In a password grant use case two OAuth clients are registered with SSO. The first client may be a "native application" presenting user interfaces to the end-user. The first client may also for example be a simple command-line client or other backend application in a server-to-server integration scenario. The second client is usually a web service or resource server providing API services to the first client. 

The first client wants to get an access token for calling the resource server API services. The resource server validates the access token it receives by calling the tokeninfo service. The tokeninfo service returns claims and attributes describing the authenticated user.

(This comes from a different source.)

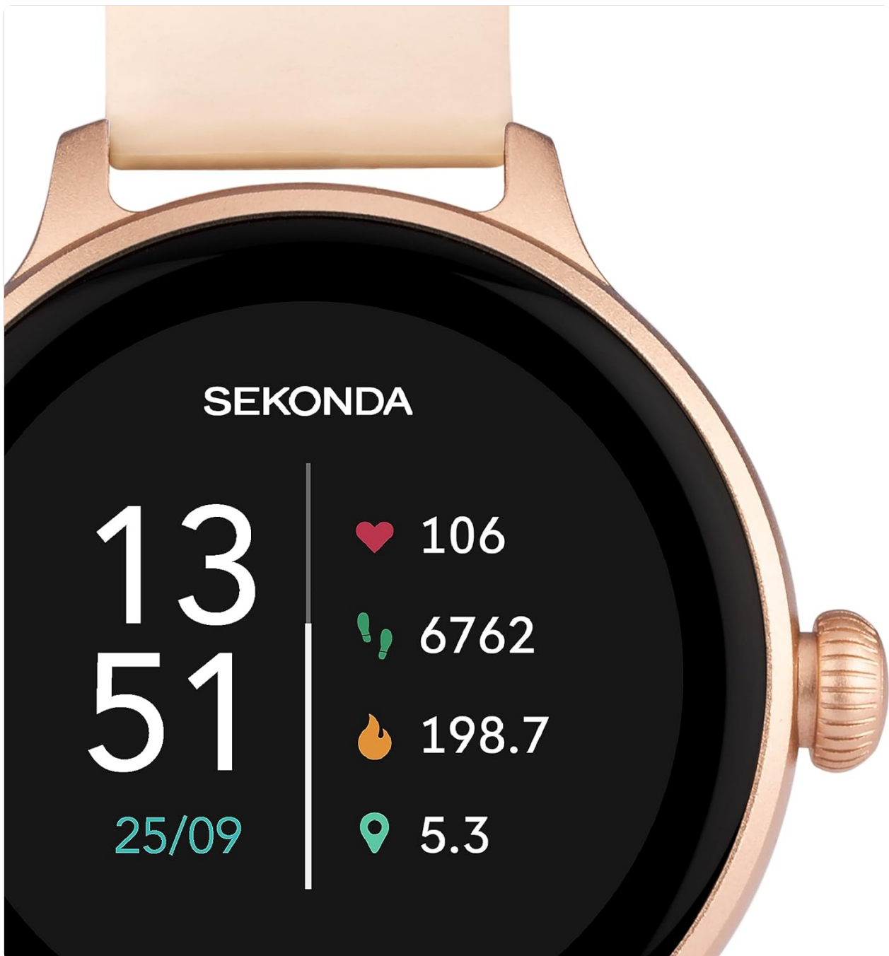
Image: Close-up of the smartwatch display, highlighting heart rate (106 bpm), steps (6762), and calories burned (198.7).

https://tools.ietf.org/html/rfc6749#section-4.3.2

Required parameters

• grant_type = password

Allowed by default

• scope = openid <resource id …>

• "openid"  → the token response will contain id_token

• "<resource id …>" → Client Identifiers (client_id) of other OAuth 2.0 clients acting as a resource servers. The clients specified here are allowed to use the returned access token.

  • For clients registered using the Client Registration and Activation endpoint, their client_id is returned in the Registration Response.

  • By default, the client_id of the client making the token request is always implicitly included in the scope parameter. This means that the client making the token request is allowed use the access token itself, even if their client_id is not included in the scope parameter.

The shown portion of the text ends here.